Birthright Journal - Part 3 - Taking Flight

SunriseSunriseThe engines roar as the plane cuts through the clear sky, but I have ceased listening to these engines; my ears have adapted and now I see only the clear night and the Atlantic peaking through from beneath the clouds.

The Israeli sitting to my right pushes his arm into mine as he rolls, grumbling, in his sleep. His head is shaved and it tosses and turns with his body. I pull my arm closer to my side and push my head back into the small airline pillow that gruffly scratches the base of my neck.

Flight attendants are milling about whispering to people who are still awake—their whispers break the gentle hum of snores. I see heads capped with yarmulkes bobbing in half-sleep. The forty-odd members of my Birthright group are scattered about the plane and I doubt I could recognize them if they walked down the aisle. We have all just met.

The American to my left sees that I am awake and begins talking to me excitedly. She is wearing a round black hat that I associate with Orthodox women. She is flying to Israel to represent the Jewish Theological Seminary.

She lowers her voice and asks, “Why would anybody want to blow themselves up?” Perhaps it is because of my expression that she backtracks. She references the Intafada. Curling her arm around her pillow she asks, “Why would they want to destroy instead of build?” There is a note in her voice which betrays its proximity to breaking.

We are nearly over Europe and I am watching the screen in front of me. The screen shifts continually from pictures of the Northern Hemisphere, to the Atlantic, to Europe, to the country we are approaching. We are but an animated plane on a flat green and blue map. The city names rock back and forth between Hebrew and English. I am dozing off. A flight attendant offers the American woman next to me a drink. She asks in Hebrew. She answers in English.

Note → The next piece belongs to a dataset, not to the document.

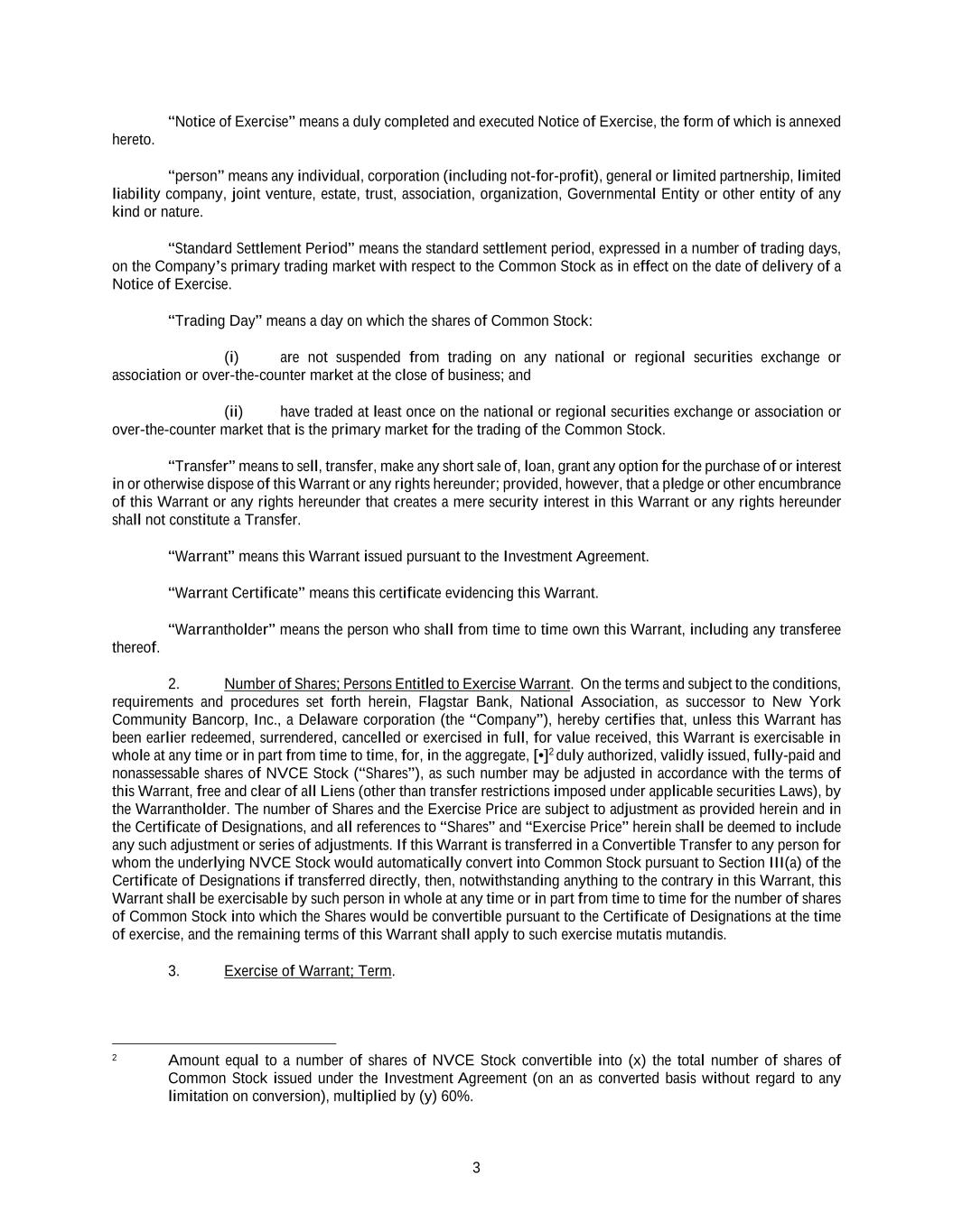 3 “Notice of Exercise” means a duly completed and executed Notice of Exercise, the form of which is annexed hereto. “person” means any individual, corporation (including not-for-profit), general or limited partnership, limited liability company, joint venture, estate, trust, association, organization, Governmental Entity or other entity of any kind or nature. “Standard Settlement Period” means the standard settlement period, expressed in a number of trading days, on the Company’s primary trading market with respect to the Common Stock as in effect on the date of delivery of a Notice of Exercise. “Trading Day” means a day on which the shares of Common Stock: (i) are not suspended from trading on any national or regional securities exchange or association or over-the-counter market at the close of business; and (ii) have traded at least once on the national or regional securities exchange or association or over-the-counter market that is the primary market for the trading of the Common Stock. “Transfer” means to sell, transfer, make any short sale of, loan, grant any option for the purchase of or interest in or otherwise dispose of this Warrant or any rights hereunder; provided, however, that a pledge or other encumbrance of this Warrant or any rights hereunder that creates a mere security interest in this Warrant or any rights hereunder shall not constitute a Transfer. “Warrant” means this Warrant issued pursuant to the Investment Agreement. “Warrant Certificate” means this certificate evidencing this Warrant. “Warrantholder” means the person who shall from time to time own this Warrant, including any transferee thereof. 2. Number of Shares; Persons Entitled to Exercise Warrant. On the terms and subject to the conditions, requirements and procedures set forth herein, Flagstar Bank, National Association, as successor to New York Community Bancorp, Inc., a Delaware corporation (the “Company”), hereby certifies that, unless this Warrant has been earlier redeemed, surrendered, cancelled or exercised in full, for value received, this Warrant is exercisable in whole at any time or in part from time to time, for, in the aggregate, [•]2 duly authorized, validly issued, fully-paid and nonassessable shares of NVCE Stock (“Shares”), as such number may be adjusted in accordance with the terms of this Warrant, free and clear of all Liens (other than transfer restrictions imposed under applicable securities Laws), by the Warrantholder. The number of Shares and the Exercise Price are subject to adjustment as provided herein and in the Certificate of Designations, and all references to “Shares” and “Exercise Price” herein shall be deemed to include any such adjustment or series of adjustments. If this Warrant is transferred in a Convertible Transfer to any person for whom the underlying NVCE Stock would automatically convert into Common Stock pursuant to Section III(a) of the Certificate of Designations if transferred directly, then, notwithstanding anything to the contrary in this Warrant, this Warrant shall be exercisable by such person in whole at any time or in part from time to time for the number of shares of Common Stock into which the Shares would be convertible pursuant to the Certificate of Designations at the time of exercise, and the remaining terms of this Warrant shall apply to such exercise mutatis mutandis. 3. Exercise of Warrant; Term. 2 Amount equal to a number of shares of NVCE Stock convertible into (x) the total number of shares of Common Stock issued under the Investment Agreement (on an as converted basis without regard to any limitation on conversion), multiplied by (y) 60%.

The sun is coming up somewhere above the clouds. The pilot comes on the speaker and announces that Ariel Sharon’s condition has not altered. I hear the voice of a Hasid behind me quietly chanting the “Ani Modeh,” the morning prayer. The sound of his voice lulls me back into half-consciousness and the name of the airline repeats in my head: El Al, El Al, El Al… God… Air? This is a strange way to fly.